(Work request): What is needed is an exact reproduction of the listing, without its pictures.

(Recorded information):
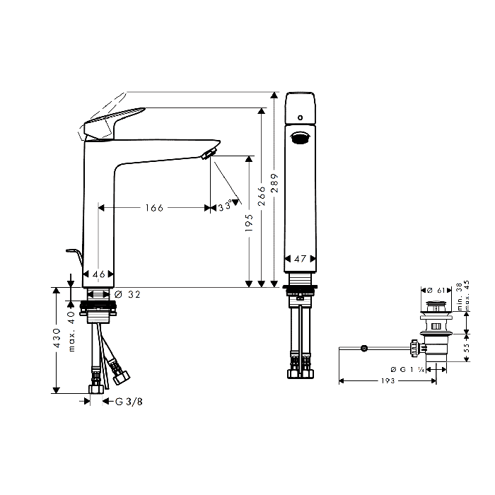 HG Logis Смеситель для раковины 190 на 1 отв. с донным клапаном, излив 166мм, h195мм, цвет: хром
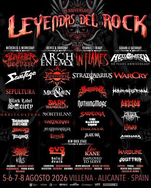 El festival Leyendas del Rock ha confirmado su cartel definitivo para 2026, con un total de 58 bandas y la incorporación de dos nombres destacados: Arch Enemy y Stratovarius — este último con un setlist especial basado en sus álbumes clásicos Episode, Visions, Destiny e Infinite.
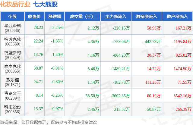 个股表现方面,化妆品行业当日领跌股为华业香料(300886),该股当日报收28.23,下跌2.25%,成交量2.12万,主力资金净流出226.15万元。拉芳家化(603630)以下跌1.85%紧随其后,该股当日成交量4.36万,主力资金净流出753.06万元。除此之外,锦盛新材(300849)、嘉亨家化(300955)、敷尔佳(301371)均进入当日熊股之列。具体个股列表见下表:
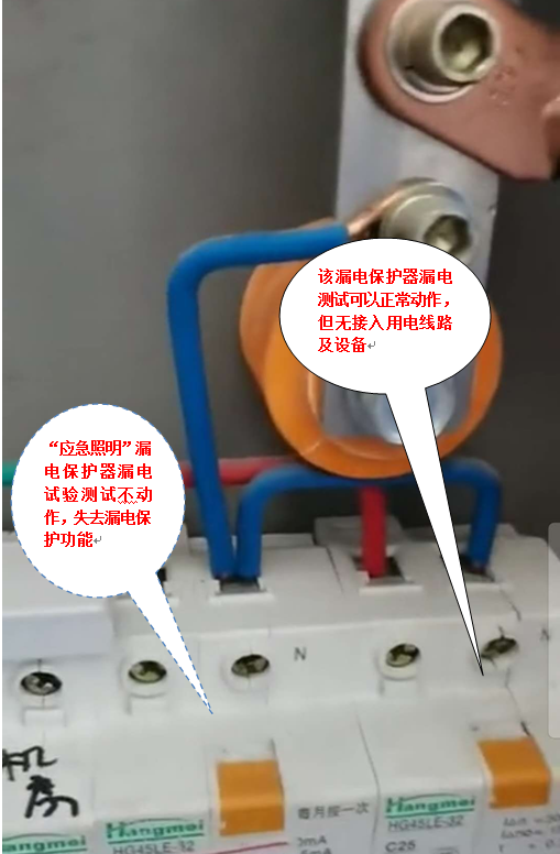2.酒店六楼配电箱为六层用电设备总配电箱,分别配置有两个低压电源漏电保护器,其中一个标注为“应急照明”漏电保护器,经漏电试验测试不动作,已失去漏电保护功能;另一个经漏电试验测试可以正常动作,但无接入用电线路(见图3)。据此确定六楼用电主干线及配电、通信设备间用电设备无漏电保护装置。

(Answer below):
 HG Logis Смеситель для раковины 190 на 1 отв. с донным клапаном, излив 166мм, h195мм, цвет: хром
 El festival Leyendas del Rock ha confirmado su cartel definitivo para 2026, con un total de 58 bandas y la incorporación de dos nombres destacados: Arch Enemy y Stratovarius — este último con un setlist especial basado en sus álbumes clásicos Episode, Visions, Destiny e Infinite.
 个股表现方面,化妆品行业当日领跌股为华业香料(300886),该股当日报收28.23,下跌2.25%,成交量2.12万,主力资金净流出226.15万元。拉芳家化(603630)以下跌1.85%紧随其后,该股当日成交量4.36万,主力资金净流出753.06万元。除此之外,锦盛新材(300849)、嘉亨家化(300955)、敷尔佳(301371)均进入当日熊股之列。具体个股列表见下表:
2.酒店六楼配电箱为六层用电设备总配电箱,分别配置有两个低压电源漏电保护器,其中一个标注为“应急照明”漏电保护器,经漏电试验测试不动作,已失去漏电保护功能;另一个经漏电试验测试可以正常动作,但无接入用电线路(见图3)。据此确定六楼用电主干线及配电、通信设备间用电设备无漏电保护装置。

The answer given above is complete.